** Exercise instructions **
Print the data below exactly as it stands, and keep the pictures out.

** Stored data **
--
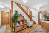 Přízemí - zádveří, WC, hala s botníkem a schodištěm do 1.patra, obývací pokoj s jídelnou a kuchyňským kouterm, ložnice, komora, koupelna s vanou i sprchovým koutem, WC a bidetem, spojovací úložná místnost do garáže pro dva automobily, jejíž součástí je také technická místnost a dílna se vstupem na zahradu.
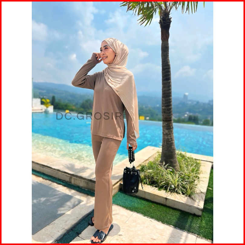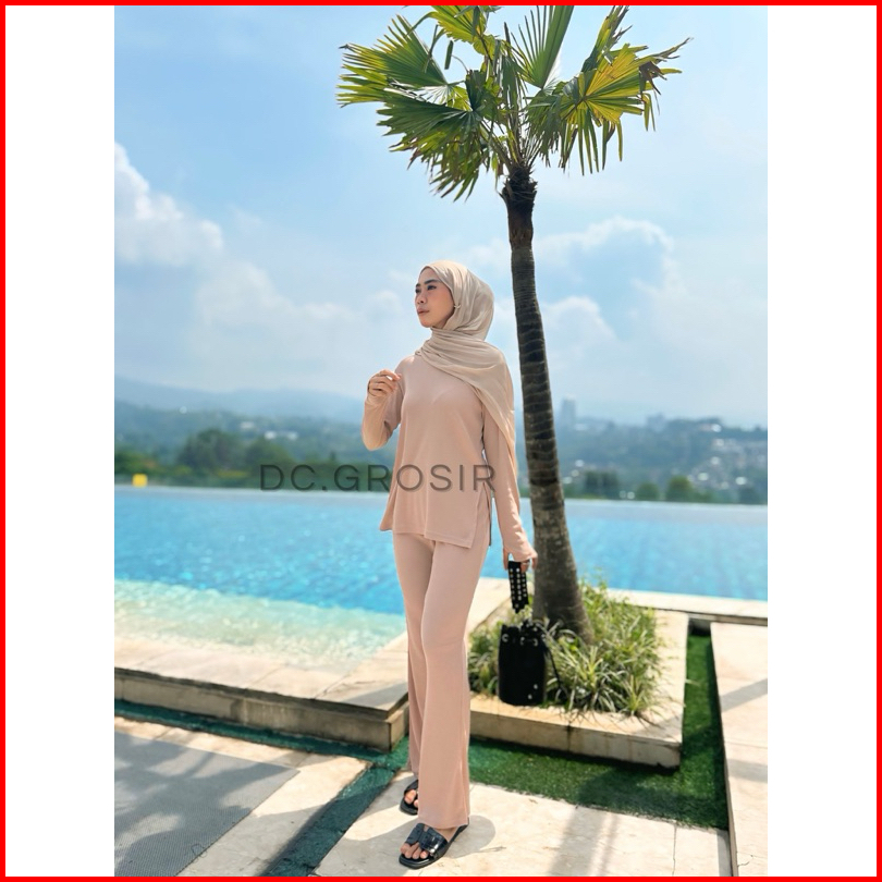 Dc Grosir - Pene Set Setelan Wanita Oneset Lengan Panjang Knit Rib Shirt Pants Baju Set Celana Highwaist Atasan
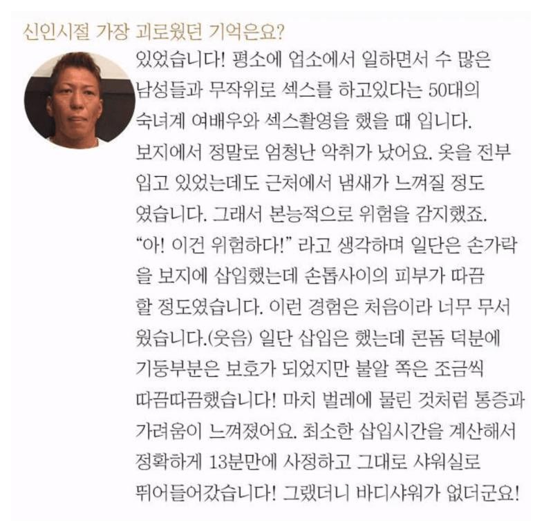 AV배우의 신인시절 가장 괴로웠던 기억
--
** Solution below **
 Přízemí - zádveří, WC, hala s botníkem a schodištěm do 1.patra, obývací pokoj s jídelnou a kuchyňským kouterm, ložnice, komora, koupelna s vanou i sprchovým koutem, WC a bidetem, spojovací úložná místnost do garáže pro dva automobily, jejíž součástí je také technická místnost a dílna se vstupem na zahradu.
 Dc Grosir - Pene Set Setelan Wanita Oneset Lengan Panjang Knit Rib Shirt Pants Baju Set Celana Highwaist Atasan
 AV배우의 신인시절 가장 괴로웠던 기억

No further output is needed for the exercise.